66% of Cardiff parents have introduced a social media cut-off time for their teens


Cardiff-based Llanishen High School has released new research which addresses the top parental considerations when it comes to teenagers and their social media use.

This comes as part of the school’s move to empower parents to better support their children with social media, as it surveyed 339 parents across all year groups.

From managing screen time – with 66% of parents introducing a cut-off time for their children – to 58% saying that they had set up parental controls on their child’s social accounts, a large percentage of parents have already implemented some safeguarding measures. 

Yet 29% of parents still cited mental health as a top concern when it comes to their child’s social media use with 80% of parents believing that social media has a negative impact on mental health at least some of the time. 

Headteacher Mrs Sarah Parry said:

“For Gen Z and Gen Alpha, social media is second nature. It’s an everyday necessity for checking in with friends, keeping up appearances and staying in the loop with the latest trends. Yet, we know this has the potential to take a toll on their mental health, especially if it’s not used with intention or kindness. As their online world continues to grow and evolve, we believe it’s essential that parents and teachers equip themselves with the knowledge and tools necessary to ensure teenagers’ safety, well-being, and privacy online. 

“That’s why we surveyed Llanishen High School parents across all year groups to understand their biggest concerns – and the opportunities they see – when it comes to social media, as well as any challenges they may face. We had a staggering number of responses and we’ve taken all feedback on board as part of this guide to offer relevant advice and guidance.”

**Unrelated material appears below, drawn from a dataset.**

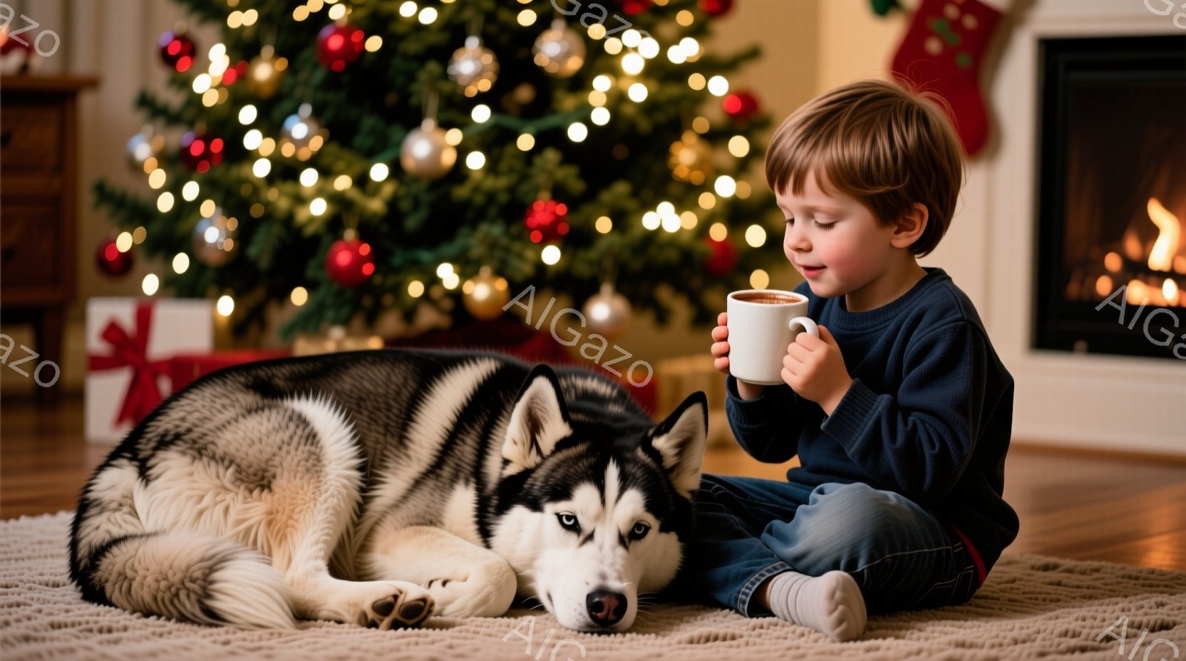 小さな少年が床に座り、赤いマグカップをストローで飲んでいます。そばにはシベリアンハスキーが横たわり、少年を見つめています。背景にはクリスマスツリーが飾られ、暖炉の火が灯り、温かく心地よい雰囲気の室内です。

30% of parents felt that it was difficult to keep track of all the accounts now available, with 28% saying that their children didn’t want to engage in conversation about social media. Parents were keen to feel more knowledgeable about social media to help tackle these conversations head-on, with the report gaining positive feedback so far. 

Mrs Parry continued:

“Social media can be a minefield, especially as it’s not part of the every day for some parents. While it can bring its challenges, there are benefits too. It can help young people find and secure new opportunities, connect with like-minded communities, and more. The possibilities feel endless today if it’s used correctly. I want to be clear that this guide is not an attack on social media. On the contrary, knowledge is power, and we want to encourage our students, and their parents, to use social media as a force for good.”

Llanishen High School is a community-based school in the heart of Cardiff which has created a supportive, inclusive learning environment that nurtures individual growth and personal success.